03: Getting Data In and Out

files

formats

directories

I/O

R scripts

Author

Thomas Manke

Goal: Ultimately we want to access our own data and write results to file.

A small detour: R Markdowns

It is important to document your work and reproducible workflows.

One common solutions is to write a script (e.g. my_script.R) that can run a series of commands. But (apart from brief comments) such scripts often lack proper documentation which are crucial to understand the rationale and the motivation for more complex analysis steps.
A modern solution are R/Quarto markdown documents (rmd/qmd). These combine scripts with powerful text formatting for data analysis and analysis reporting.

The markdown documents can be run (“rendered”, “knit”) to yield standardised analysis reports in html format (or pdf)

Task

In Rstudio,

open a new R markdown document with File > New File > R Markdown.... (This will open a template for an Rmd file that can be knit)
To convert this file into html press Knit - try it out! You may have to save it first as - e.g. “first.Rmd”
There is a YAML header that contains parameters which will affect the rendering process - customize them
The rest of the document are text blocks (with simple format instructions) and code blocks (with R code)
In R studio, the code blocks can also be run individually using the embedded Play button - try it out
Play time: Modify the yaml header, text blocks or code - or all of it. “knit” the documnt and observe changes.

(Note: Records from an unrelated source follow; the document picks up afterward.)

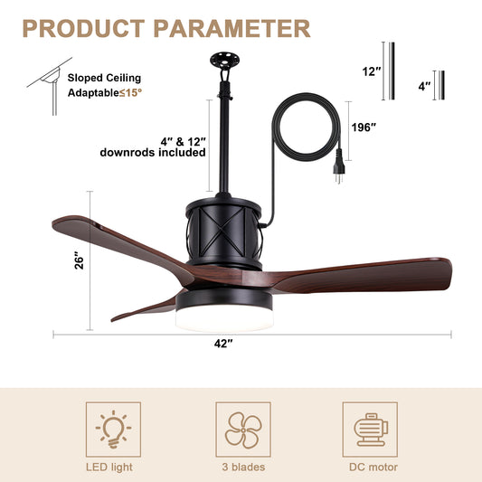 HW4202-GED-BellaDepot 24" Outdoor Modern Farmhouse LED Ceiling Fan with Remote Control, Plug in Ceiling Fan
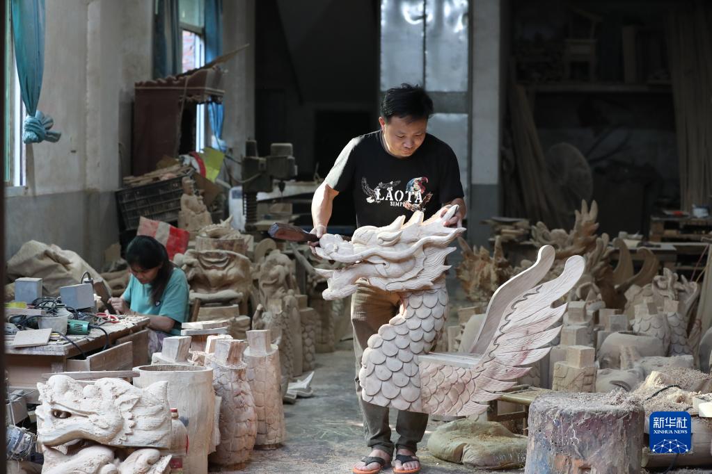 福州市閩侯縣方莊村一位匠人搬運剛雕刻完成的龍舟龍頭(6月12日攝)。
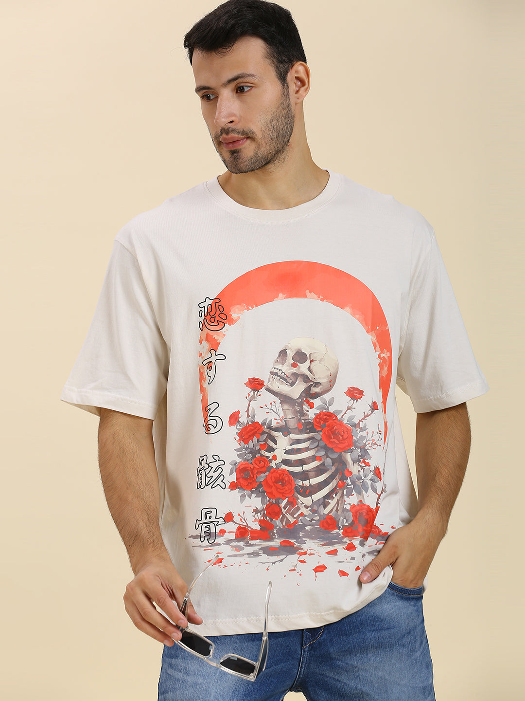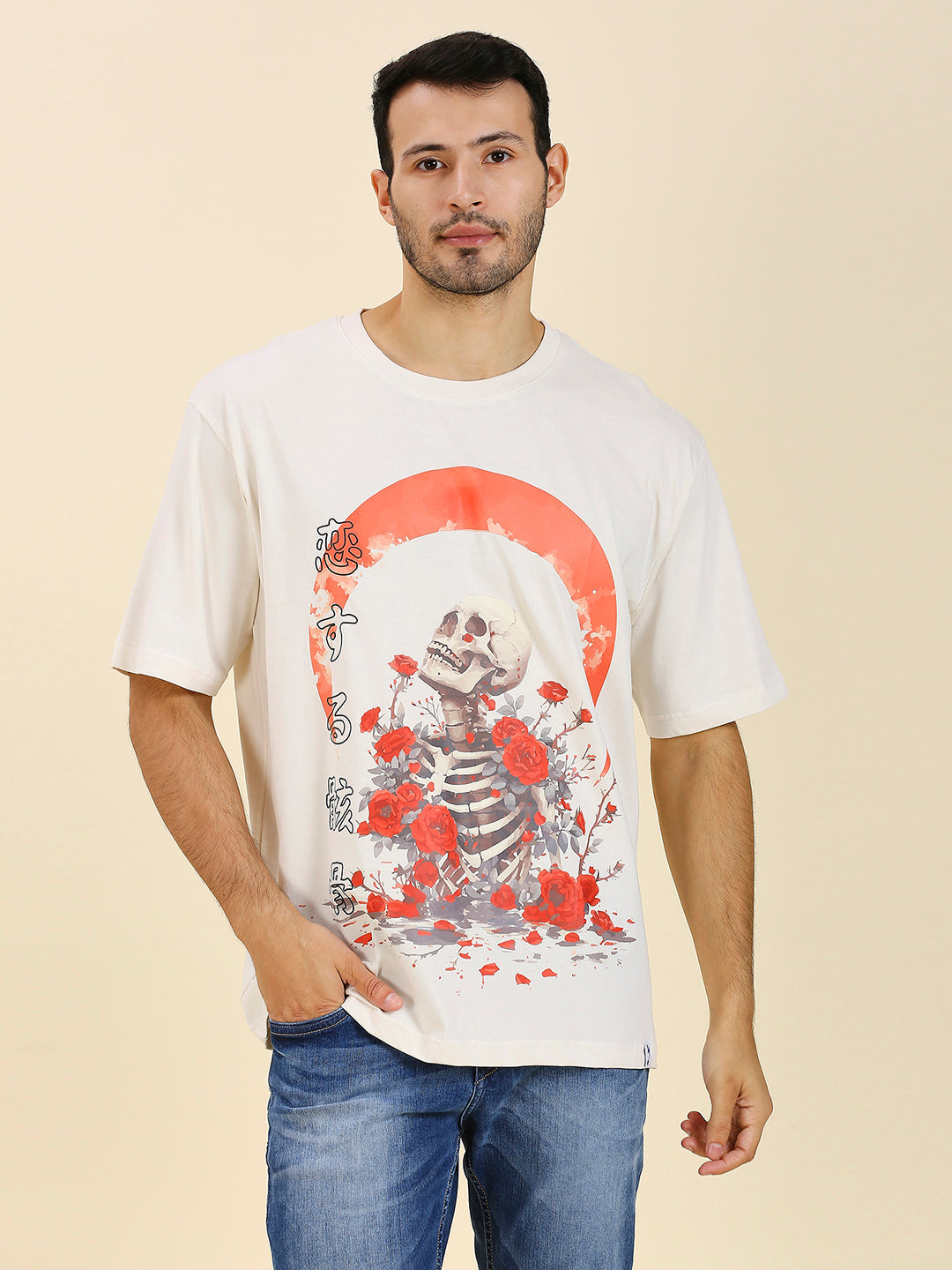 Fall in love with Love After Death—a hauntingly beautiful tee that pairs skeletal remains with blooming red roses, set against a rising sun. Kanji script down the side adds poetic edge. Soft, oversized, and emotionally charged, this tee hits where it hurts (and looks damn good doing it).

Notice: many modern dvelopment tool (Rstudio, Jupyter, VSCode) allow for convenient editing and testing of markdown documents.

Avoid the console from now on, and work in a markdown document instead.

CSV files

Comma-separated text files (ASCII) are both human and machine readible. Other separators may be chosen (tab or “|”). This format is frequently used for simple data, such as rows of different samples/observations and columns of multiple variables (per sample)

Important: Make sure that you know the precise location of your data file and provide this as filename.

Topics:

home and working directory
relative and absolute path

Code

getwd()                     # working directory
dir()                       # display content
filename='data/iris.csv'    # relative to wd
d = read.csv(filename)      # file content --> memory (d)
str(d)

There are many different ways to load such data into memory and to customize the loading.

Tasks

Explore ?read.csv to get a first overview how this function can be customized.
How would you read only the first 10 lines?
Explore the data object d
Optional bonus: try your own file and brace! Is it clean enough?

From URL

Notice that files do not need to be available locally, but might be provided by some URL.

Be aware that in those cases there might be significant reduced loading speed, depending on your network connections.

Code

filename='https://raw.githubusercontent.com/maxplanck-ie/Rintro/2024.04/data/iris.tsv'
d = read.csv(filename, sep='\t')  
str(d)

Compressed formats

Especially for big data it is common to store them in compressed format (e.g. *gz) to reduced the storage footprint and speed-up data transfer. Such files are not human readable (binary) can also be read

Code

cmd = "gunzip -c data/iris.tsv.gz"   # command to uncompress
d = read.csv(pipe(cmd), sep='\t')       # read as pipe
str(d)

'data.frame':   150 obs. of  5 variables:
 $ Sepal.Length: num  5.1 4.9 4.7 4.6 5 5.4 4.6 5 4.4 4.9 ...
 $ Sepal.Width : num  3.5 3 3.2 3.1 3.6 3.9 3.4 3.4 2.9 3.1 ...
 $ Petal.Length: num  1.4 1.4 1.3 1.5 1.4 1.7 1.4 1.5 1.4 1.5 ...
 $ Petal.Width : num  0.2 0.2 0.2 0.2 0.2 0.4 0.3 0.2 0.2 0.1 ...
 $ Species     : chr  "setosa" "setosa" "setosa" "setosa" ...

Writing data

There are many ways to save data to text files. One of the simplest uses write.csv.

Code

write.csv(iris, file="output/iris.csv", row.names=FALSE, quote=FALSE)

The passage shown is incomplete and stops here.